P. 91 of Theorem List - Metamath Proof Explorer

Theorem List for Metamath Proof Explorer - 9001-9100   *Has distinct variable group(s)

Type	Label	Description
Statement
Theorem	brdom 9001*	Dominance relation. (Contributed by NM, 15-Jun-1998.)
⊢ 𝐵 ∈ V    ⇒   ⊢ (𝐴 ≼ 𝐵 ↔ ∃𝑓 𝑓:𝐴–1-1→𝐵)
Theorem	domen 9002*	Dominance in terms of equinumerosity. Example 1 of [Enderton] p. 146. (Contributed by NM, 15-Jun-1998.)

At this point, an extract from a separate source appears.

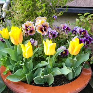 おはようございます😊 チューリップ🌷とパンシー 朝はつぼんでいる黄色💛の ミニチューリップ昨日は全開でしたꉂ🤣𐤔 🏷春色チュ!チューリップ♡ 可愛い〜お気に入りの水仙🥰 八重咲きチューリップ🌷 まだ開花待ち 大輪の華やかなキンセンカ 🌼*・🌼*・🌼*・🌼*・🌼*・ アフリカキンセンカも元気 元気パワーお届け 🏷日曜ビタミンカラー♪ 🏷元気パワー届け✨

⊢ 𝐵 ∈ V    ⇒   ⊢ (𝐴 ≼ 𝐵 ↔ ∃𝑥(𝐴 ≈ 𝑥 ∧ 𝑥 ⊆ 𝐵))
Theorem	domeng 9003*	Dominance in terms of equinumerosity, with the sethood requirement expressed as an antecedent. Example 1 of [Enderton] p. 146. (Contributed by NM, 24-Apr-2004.)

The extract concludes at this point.